# View Channels while Managing Channel List



## DVDerek (Sep 30, 2002)

I have Comcast Digital Starter which has mostly analog stations and then HD versions of those. Unfortunately, TiVo seems to know about Digital Preffered only. So it thinks I have some 200 channels that I don't actually receive. No problem - I'll just go uncheck the channels.

The problem is that I often come across stations that I'm not sure if I get or not. I have to press live TV, check it out, then come back. It'd be great if I could manage this list while actually looking at what's being played on the various stations.


----------



## nirisahn (Nov 19, 2005)

+1. That would especially be useful for weeding out subscription channels (like channels that carry seasonal sports subscriptions) and PPV. I don't need 60+ channels in my guide that I don't receive without paying extra for. What I wind up doing is using the remote for the cable box to go through all the channels one at a time and write down the ones I get and put a check next to my favorites. Then I have to go back into the channel setup and go through the whole list again to check the ones I actually receive programming on and :up: my favorites. If I could see what broadcasting on each channel as I go through the channel selection process it would take half as long. Considering that those of us with cable receive hundreds of channels, it's a very time consuming project.


----------



## kaegey (Jul 17, 2005)

DVDerek said:


> I have Comcast Digital Starter which has mostly analog stations and then HD versions of those. Unfortunately, TiVo seems to know about Digital Preffered only. So it thinks I have some 200 channels that I don't actually receive. No problem - I'll just go uncheck the channels.
> 
> The problem is that I often come across stations that I'm not sure if I get or not.
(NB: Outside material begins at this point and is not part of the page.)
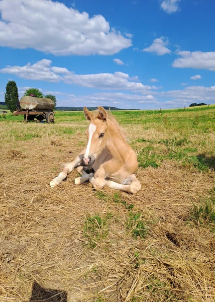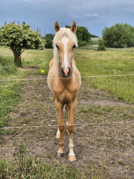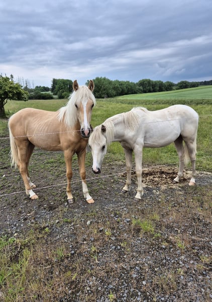 Verkaufe deutsche Reitpony Hengste – Palomino, geb. 2024 Zum Verkauf stehen zwei wunderschöner deutsche Reitpony-Hengste, geboren im Jahr 2024. Mit einem geschätzten Stockmaß von 155 cm ist er perfekt für den Dressursport geeignet und zeigt viel Potenzial für die Zukunft. Seine Mutter ist 1,57m, sein Vater ist ein Endmaßpony und er ist aktuell schon sehr groß (ca 1,42m). Der hellere hat den selben Vater und seine Mutter ist 1,50m. Der junge Hengst ist gut aufgezogen, freundlich im Umgang. Er besitzt eine elegante Erscheinung, ist lieb und freundlich im Umgang (kein treten oder beißen) und zeigt bereits erste vielversprechende Bewegungen. Ideal für ambitionierte Reiter, die einen talentierten Nachwuchspferd suchen oder als Familienpferd. Bei Interesse und für weitere Informationen stehe ich gerne zur Verfügung. Besichtigung nach Vereinbarung möglich.

I have to press live TV, check it out, then come back. It'd be great if I could manage this list while actually looking at what's being played on the various stations.


At least you get it to recognize Digital Starter; I only get one channel lineup and it no longer exists! 

And since I can find no way to manually ADD channels I am missing, I loose a bunch! 

If I hand type them in, I can see them but not ch up / ch down or scheduled.


----------